Rosenberg, however, points to recent history as a guide. He cites the inflation trajectory following Russia's invasion of Ukraine in 2022, when headline CPI peaked around 9% only to fall sharply as demand buckled under the weight of higher prices and aggressive Federal Reserve tightening. An even starker example came in 2008, when oil hit $150 a barrel just as the global financial crisis unfolded, causing quarterly inflation to plummet from 7.9% to 2.6%.
"The mechanism is straightforward," Rosenberg explained. "A massive cost-push squeeze on real incomes will lead to disinflation or outright deflation in other sectors of the economy. That's the dynamic most are missing right now."

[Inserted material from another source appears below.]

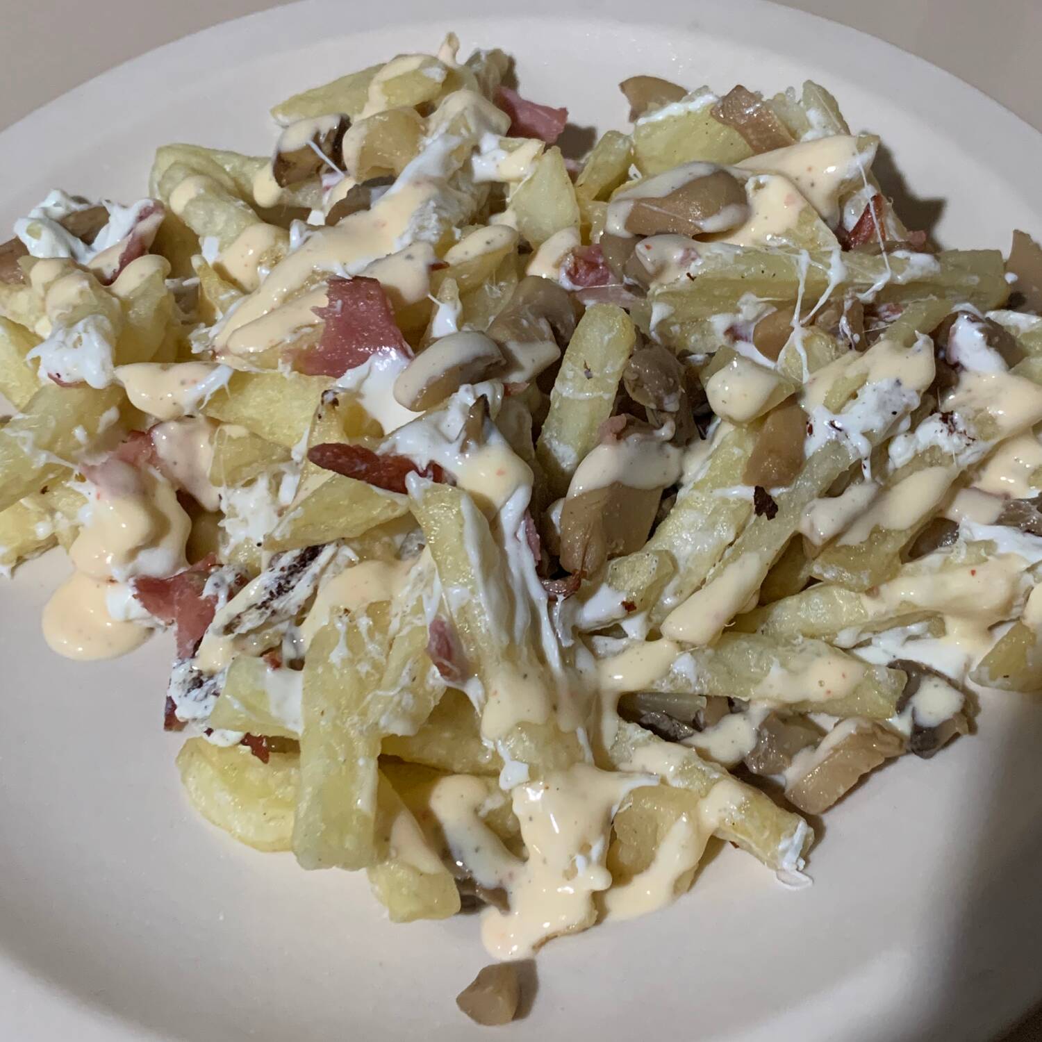 Papas a la francesa con champiñones, tocino y piña gratinadas con queso oaxaca.
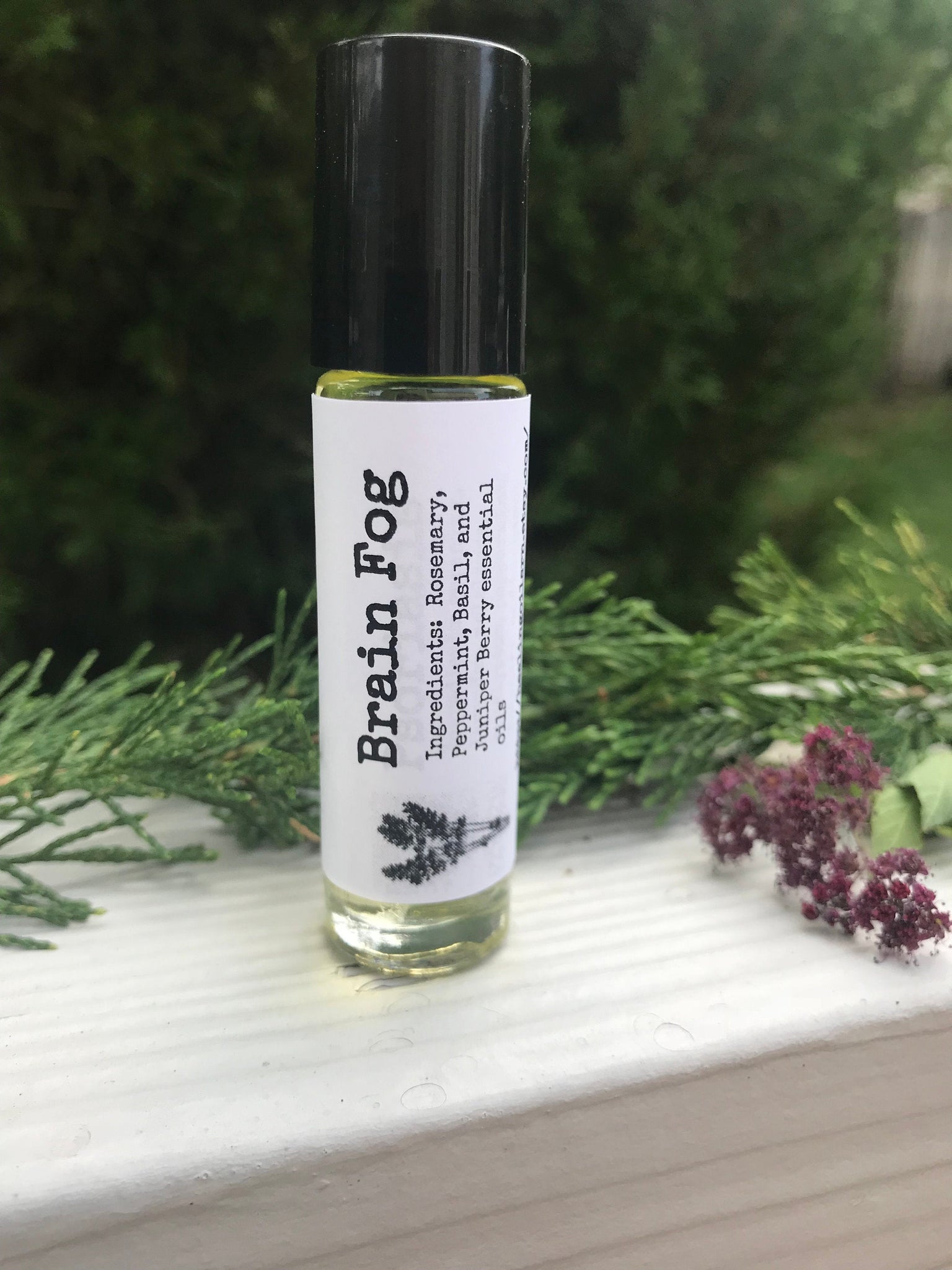 Brain Fog roller contains Rosemary, Peppermint, Basil, and Juniper Berry. This blend helps increase mental clarity and concentration.

He anticipates a short-lived uptick in inflation readings over the next few months, followed by a dramatic decline as the cumulative weight of high prices forces households and businesses to retrench. "This demand shock," he argues, "will ultimately bring inflation down more sharply than if the oil spike had never occurred."
Voices from the Floor
Michael Chen, Portfolio Manager at Horizon Capital: "Rosenberg is making a nuanced but critical point. The market is myopically focused on the supply shock. The larger, lagged effect on consumption is what will define the 2024 economic story."
Sarah Jennings, Chief Economist at Flintridge Advisory: "While the demand-destruction argument has merit, it presupposes the Fed remains passive. If they misread the initial inflation bump as persistent and over-tighten, we could indeed get a stagflationary mix of weak growth and sticky prices."
Gregory "Ray" Holt, independent market commentator: "This is dangerously complacent. To think a war-driven energy crisis is *deflationary* is economic sophistry. It ignores the structural inflation embedded in deglobalization and green transition costs. Rosenberg is preparing a soft landing narrative for a plane that's already lost an engine."
Priya Vaswani, Senior Analyst at Cedar Street Research: "The key is the labor market. If employment holds up, demand destruction may be limited. But if job losses accelerate, Rosenberg's deflationary scenario becomes the base case. We're watching high-frequency consumption data for cracks."